#### Task statement
Copy the lines below exactly, starting at the one with "(总)碧尔家居 2025新款" and ending at the one with "The CBSE Class", and leave out any picture.

#### Material for this task
+ + + + +

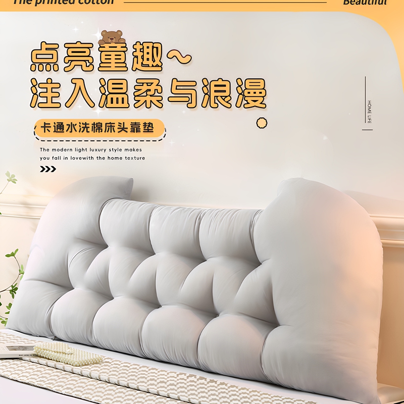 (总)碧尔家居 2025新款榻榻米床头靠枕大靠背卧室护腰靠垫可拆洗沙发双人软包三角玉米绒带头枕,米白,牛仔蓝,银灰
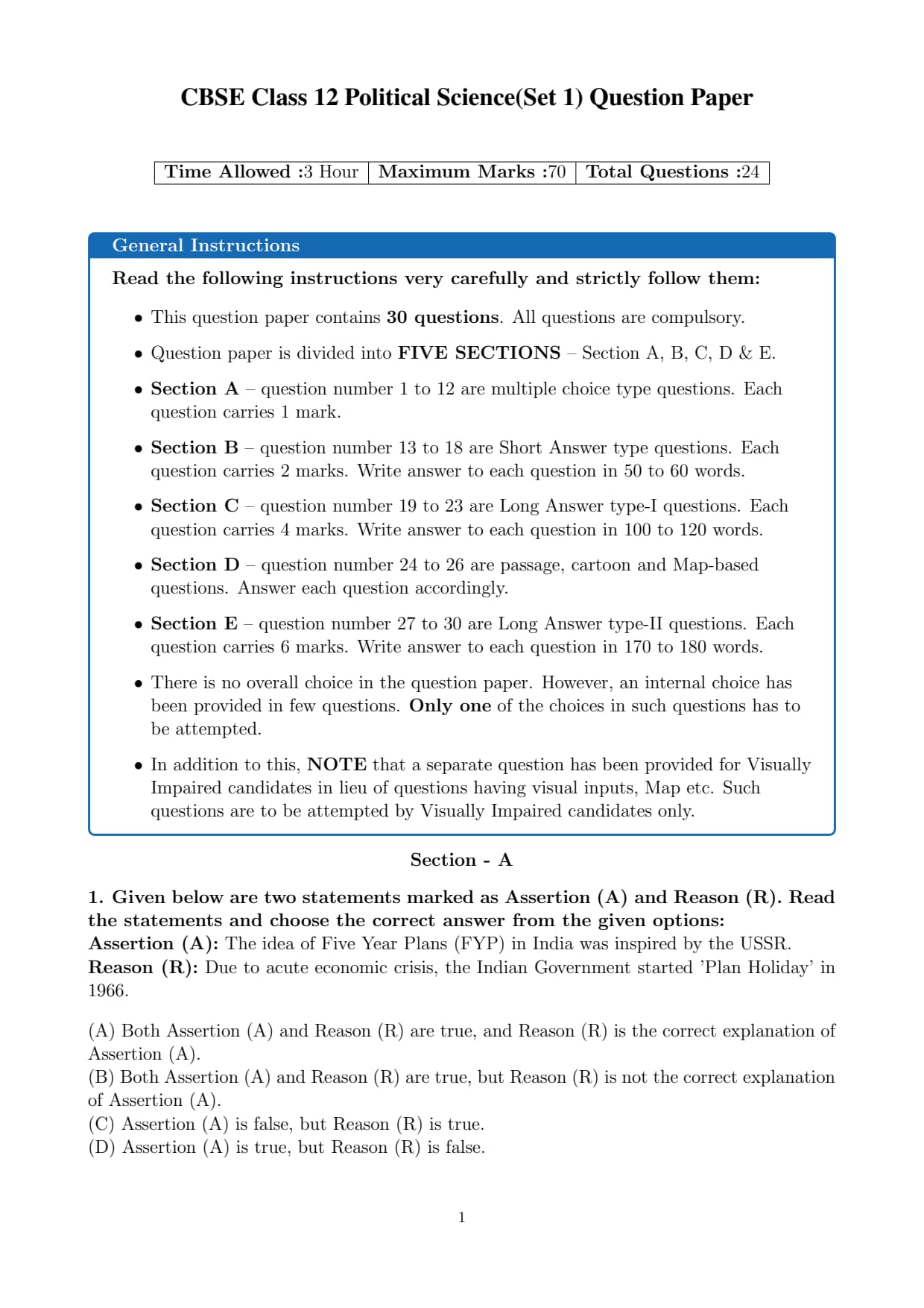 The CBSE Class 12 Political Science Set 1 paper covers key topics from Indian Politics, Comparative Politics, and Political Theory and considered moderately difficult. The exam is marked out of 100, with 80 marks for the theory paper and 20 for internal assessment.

+ + + + +

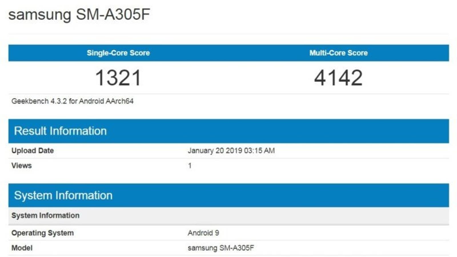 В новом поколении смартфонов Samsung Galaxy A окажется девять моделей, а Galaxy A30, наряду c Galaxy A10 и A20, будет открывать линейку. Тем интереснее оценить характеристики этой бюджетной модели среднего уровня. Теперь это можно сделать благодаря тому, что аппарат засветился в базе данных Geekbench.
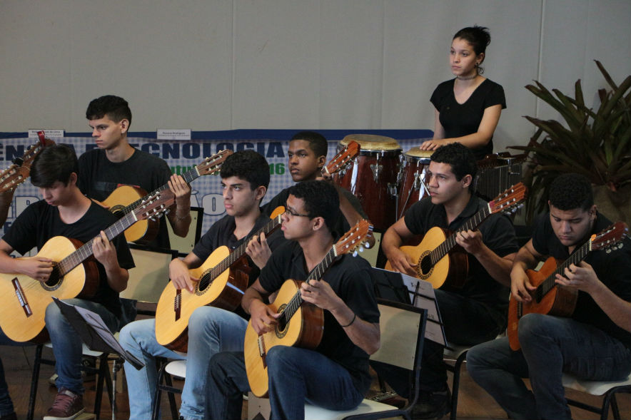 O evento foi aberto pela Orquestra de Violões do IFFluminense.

+ + + + +

#### Exercise response
 (总)碧尔家居 2025新款榻榻米床头靠枕大靠背卧室护腰靠垫可拆洗沙发双人软包三角玉米绒带头枕,米白,牛仔蓝,银灰
 The CBSE Class 12 Political Science Set 1 paper covers key topics from Indian Politics, Comparative Politics, and Political Theory and considered moderately difficult. The exam is marked out of 100, with 80 marks for the theory paper and 20 for internal assessment.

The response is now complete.